DATASET CONTENT:

++++++++++

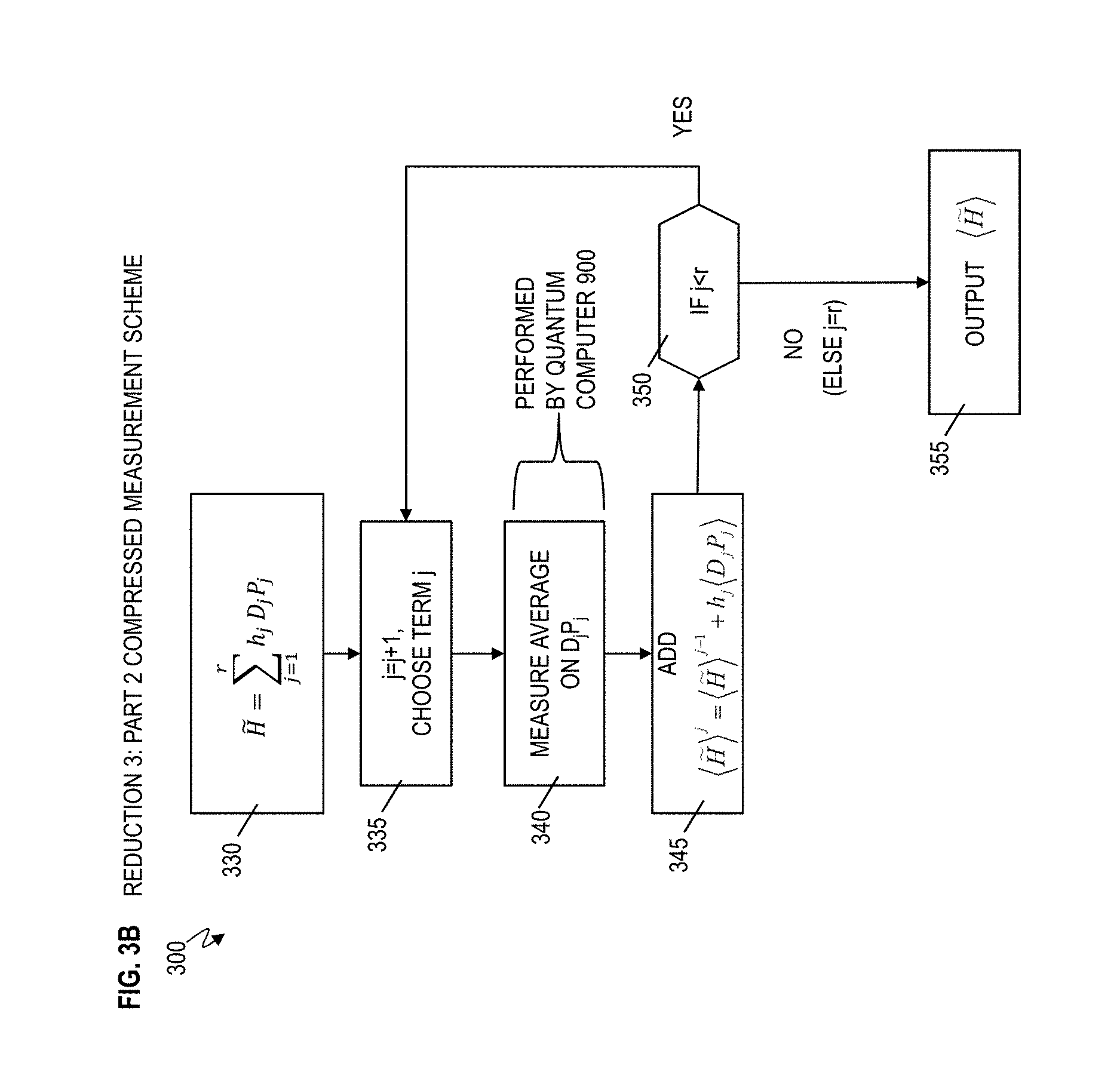 The computational basis is a 0 and 1 for each of the M qubits. The quantum computer 900 is configured to measure an energy of the transformed Hamiltonian with the Q qubits, the quantum computer including a quantum measurement circuit on Q+1 qubits. As a result measured energy measured by the quantum computer 900, the computer 800 is configured to receive measured energy for each compressed term of the transformed Hamiltonian, perform a decoding on the measured energy to obtain measured results of each uncompressed term in the Hamiltonian, and combine the measured results to obtain the energy of the Hamiltonian prior to applying the compression map.
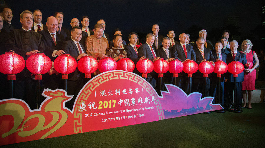 悉尼點(diǎn)亮中國紅——2017年中國農(nóng)歷新年除夕夜,“澳大利亞各界慶祝中國農(nóng)歷新年晚會(huì),中澳來賓一起按動(dòng)亮紅燈籠,歌劇院馬上染上迷人的中國紅。[攝影:曾漢超]
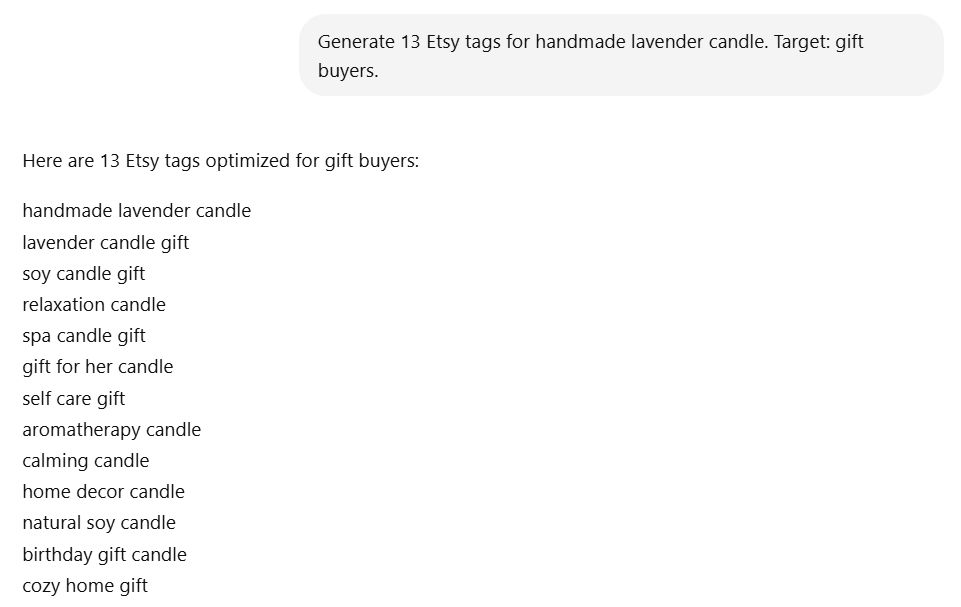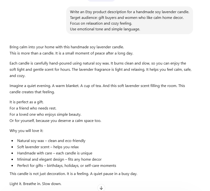“Write a warm, emotional Etsy description for a handmade lavender candle. Target gift buyers. Include benefits, mood, and simple CTA. Use natural tone.”
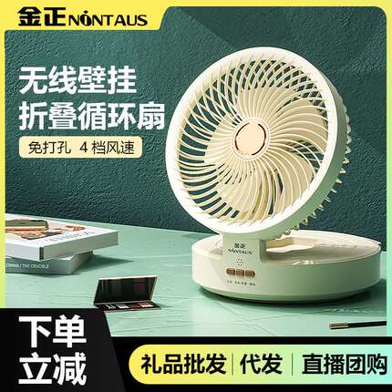 金正桌面迷你折叠循环扇摇头静音办公室usb充电台壁两用小电风扇

++++++++++

WORK TO BE COMPLETED:
Every line of the listing should be repeated exactly; no picture should appear.

EXERCISE SOLUTION:
 The computational basis is a 0 and 1 for each of the M qubits. The quantum computer 900 is configured to measure an energy of the transformed Hamiltonian with the Q qubits, the quantum computer including a quantum measurement circuit on Q+1 qubits. As a result measured energy measured by the quantum computer 900, the computer 800 is configured to receive measured energy for each compressed term of the transformed Hamiltonian, perform a decoding on the measured energy to obtain measured results of each uncompressed term in the Hamiltonian, and combine the measured results to obtain the energy of the Hamiltonian prior to applying the compression map.
 悉尼點(diǎn)亮中國紅——2017年中國農(nóng)歷新年除夕夜,“澳大利亞各界慶祝中國農(nóng)歷新年晚會(huì),中澳來賓一起按動(dòng)亮紅燈籠,歌劇院馬上染上迷人的中國紅。[攝影:曾漢超]
“Write a warm, emotional Etsy description for a handmade lavender candle. Target gift buyers. Include benefits, mood, and simple CTA. Use natural tone.”
 金正桌面迷你折叠循环扇摇头静音办公室usb充电台壁两用小电风扇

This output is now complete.